Izan exhaló. —La gente se está volviendo loca por un partido en la playa.

Lamine sonrió. —Ya, pero mira esto… —Deslizó el dedo por la pantalla. La vida nocturna en Ibiza había estado más concurrida de lo habitual.

Los negocios locales estaban publicando al respecto. Algunos incluso los etiquetaban.

—Es como si hubiéramos convertido este lugar en un punto de moda —dijo Lamine, negando con la cabeza.

Izan sonrió con suficiencia. —¿Todavía quieres empezar a cobrar por las apariciones?

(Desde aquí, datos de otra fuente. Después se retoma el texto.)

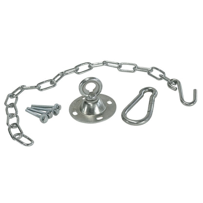 A special round ceiling hook with carabiner, chain and 4 screws for suspended armchairs, specially developed for installation in the house, terrace. It is rotating. All necessary accessories included in the kit:

Lamine se rio. —Qué va, vamos a jugar y ya.

Y así lo hicieron.

La playa estaba abarrotada, pero en cuanto empezaron a darse toques con el balón, la multitud se desvaneció.

Lamine intentó lucirse pronto, haciendo rodar el balón por su espinilla antes de lanzarlo al aire.

Izan lo paró con el muslo, dejó que botara una vez y luego lo elevó con el exterior de la bota.

Lo vio girar perezosamente hacia abajo y entonces, con un control imposible, lo amortiguó con el talón, bajándolo suavemente hasta dejarlo rodar a la perfección.

—¡Vale, vale! —sonrió Lamine—. Muy bueno.

Izan ni siquiera respondió. Volvió a elevar el balón, lo paró en el hombro y lo equilibró como si nada.

Luego, con un giro rápido, dejó que rodara por su espalda antes de levantar el pie de golpe para pasarlo de espuela por encima de la cabeza de Lamine.

Lamine apenas reaccionó a tiempo, logrando controlarlo con el pecho antes de estallar en carcajadas.

—Tío, juegas como si tuvieras sangre brasileña.

Izan sonrió con aires de superioridad. —Es que estoy hecho de otra pasta.

El sistema vibró ante el descaro de Izan, que se estaba yendo de las manos, provocando la risa del chico.

El estilo libre se convirtió en algo más: fluido, sin esfuerzo, una exhibición de pura habilidad.

La multitud comenzó a reunirse de nuevo, con los móviles grabando, mientras murmullos de incredulidad se extendían por el aire.

En un momento dado, Izan regateó en el sitio, moviendo el balón entre sus pies tan rápido que se convirtió en un borrón. Un niño pequeño en primera fila se quedó boquiabierto.

—Eso no es normal —murmuró alguien.

Entonces, justo cuando Izan se preparaba para hacer otro truco, oyó su nombre.

—¡Izan!

Se giró y vio a Miranda a lo lejos, descalza en la arena, con el pelo ligeramente alborotado, como si hubiera corrido todo el camino.

Estaba sin aliento.

—Izan —jadeó, al llegar junto a ellos—. Tienes que ver algo. Ahora.

Izan intercambió una mirada con Lamine antes de coger la toalla. —¿Qué ha pasado?

Miranda no respondió de inmediato. Se limitó a levantar su móvil.

La pantalla mostraba una alerta de noticias, con el titular parpadeando en negrita.

A Izan se le encogió el estómago.

Cogió el móvil y leyó.

—Pero qué cojo…

[Mantén un lenguaje para todos los públicos, por el amor de Cristo. Joder.]